Его слова утонули во взрыве криков и звуке ударов. Вопли арестованных стали вдвое громче: к толпе у ворот прибавилась еще одна группа.

— Проходи. — Офицер устало вернул Хакону бумаги. — Женские камеры справа от тебя, через двор. Прекратите толкаться, вы, там!

Командир отвернулся, раздавая удары направо и налево, а Хакон пронес Эрика через арку ворот. Там он водрузил сына на ноги, и они мгновение наблюдали за хаосом, царившим впереди.

Тюремный двор был забит толпой, которая численностью вдвое превосходила ту, что собралась у ворот. Большинство людей находились справа от них. Там мужчин-арестованных разводили, обыскивали и проталкивали в темный коридор. Громилы работали палками, гоня людей, как стадо, и волоча тех, кто терял сознание от ударов. Большинство покорно подходили к столам, за которым сидели люди со списками, проверяя имена врагов нового Папы Римского. Кое-кто из арестованных, не выдержав криков своих жен и детей, пытались сопротивляться даже под ударами дубинок. И везде текла кровь.

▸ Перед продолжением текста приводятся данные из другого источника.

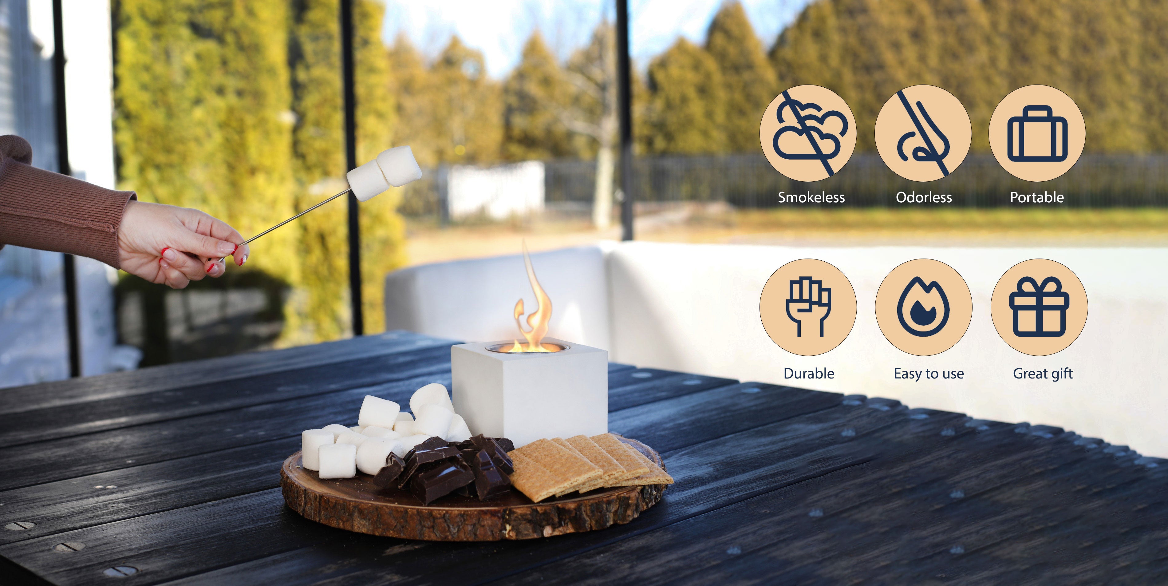 Roast marshmallows, hot dogs, or just sit back and enjoy a cozy fire with your smokeless, odorless table top firepit. The flame will last 1-2 hours.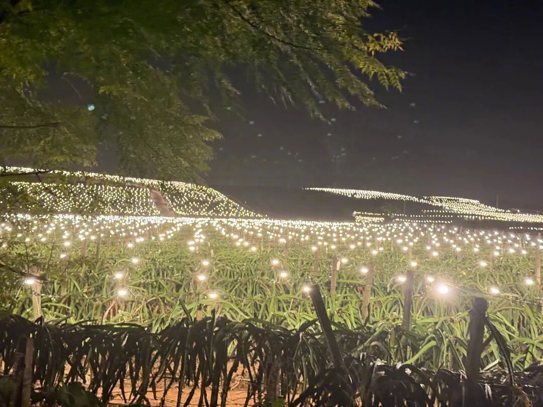 【大晚上的,为什么不让火龙果睡觉?】广西的火龙果又火了,带着它宛如演唱会现场一般的灯海一起火了。评论区除了“七不七轰隆果”的表情包,还有很多朋友晒出了自己拍的火龙果灯海——如梦似幻的点点灯光照亮旷野,一片宏大的灯光秀场之下,火龙果默默地开花结果。火龙果种植园定期开始上演的大型灯光秀,是为了让火龙果不睡觉,促进生产,从而让我们能在更多时段吃到美味营养的火龙果。别人是给点阳光就灿烂,火龙果咋这么好骗,给点灯光就行?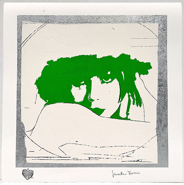 GIOSETTA FIORONI, "Doppio Liberty" Verde Luminoso Serigrafia materica con pigmento Verde luminoso. Applicazione di carta velina e foglio argento realizzata a mano. Opera su carta Pescia in cotone da 350 grammi, formato 50x50 realizzata in 125 esemplari per tutto il mondo, dei quali 100 numerati da 1/100 a 100/100 in numeri arabi, 25 numerati da I/XXV a XXV/XXV in numeri romani e alcune P.A. per l'artista. Firma in basso a destra Numerazione in basso a sinistra. L'opera è stata realizzata in occasione del 50° anniversario di Spirale Milano Editore, 50x50 cm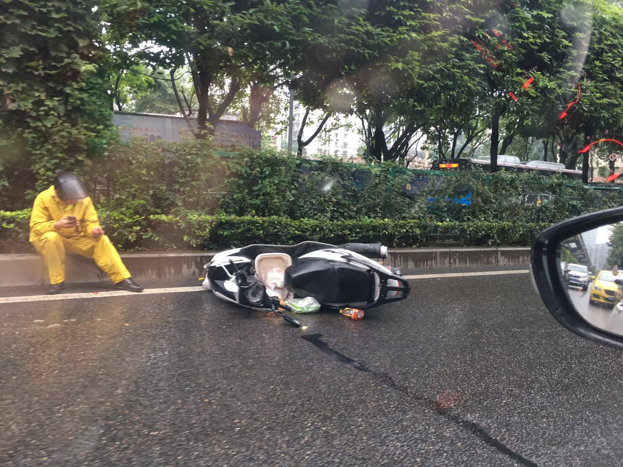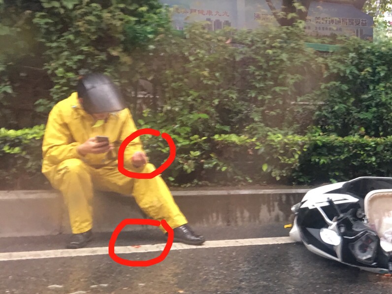 摩托车旁,一位身穿黄色工作服的小哥正坐在地上打电话。一辆辆车从小哥身旁驶过。小哥带着帽子,虽然看不清他的脸,隔着车窗玻璃,袁小姐也感受到了小哥内心的崩溃和无助。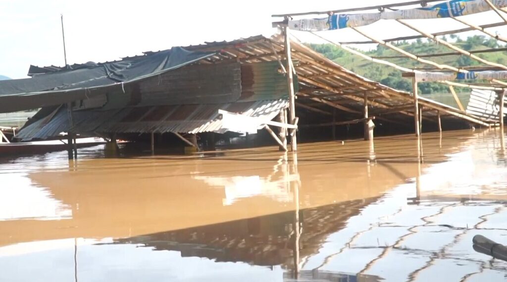 น้ำโขงขึ้นคืนเดียว 2 เมตร ท่วมร้านค้าหาดนางคอย
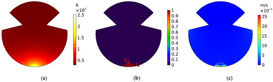 The distribution of temperature, the molten pool, and molten pool velocity inside the contact line material: (a) the distribution of temperature inside the contact line; (b) the distribution of the molten pool inside the contact line; (c) the distribution of the molten pool velocity inside the contact line.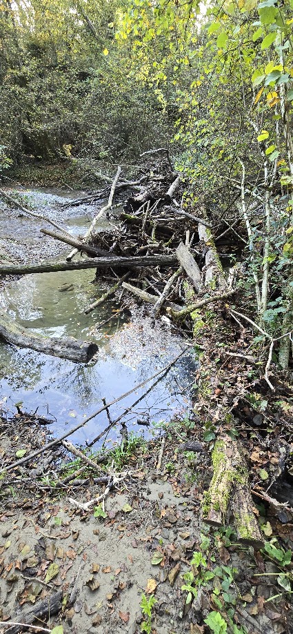 On appelle « embâcles » les accumulations de matériaux déposés par une crue de la rivière. Dans cet exemple spectaculaire, de nombreux arbres arrachés se sont retrouvés bloqués ici, ralentissant le courant et induisant un dépôt de graviers et de sables.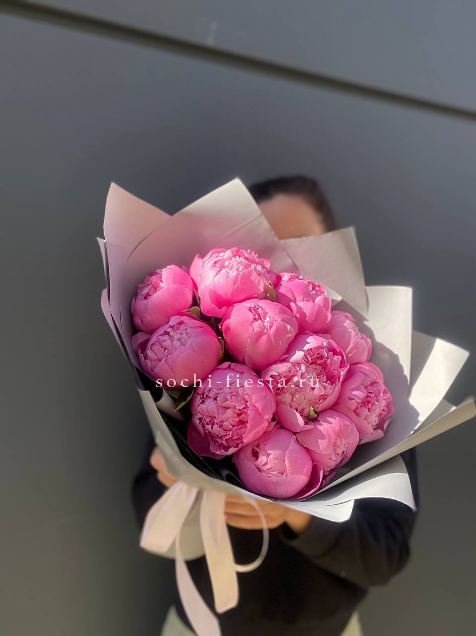 розовые пионы, лента, упаковка.

— Это — настоящий ад, отец! — пробормотал Эрик, продолжавший горбиться, чтобы уменьшить свой рост.

— И нам надо попасть на самый нижний его круг. Пошли, нам в ту сторону.

Дойдя до стола с пергаментами, Хакон бросил своего сына на землю.

— Капитан и арестованная! — громко сообщил он, швыряя свою бумагу на стол и молясь Одину и Христу одновременно о том, чтобы никто из сидевших за ним не был знаком с человеком, чье имя значилось на пергаменте.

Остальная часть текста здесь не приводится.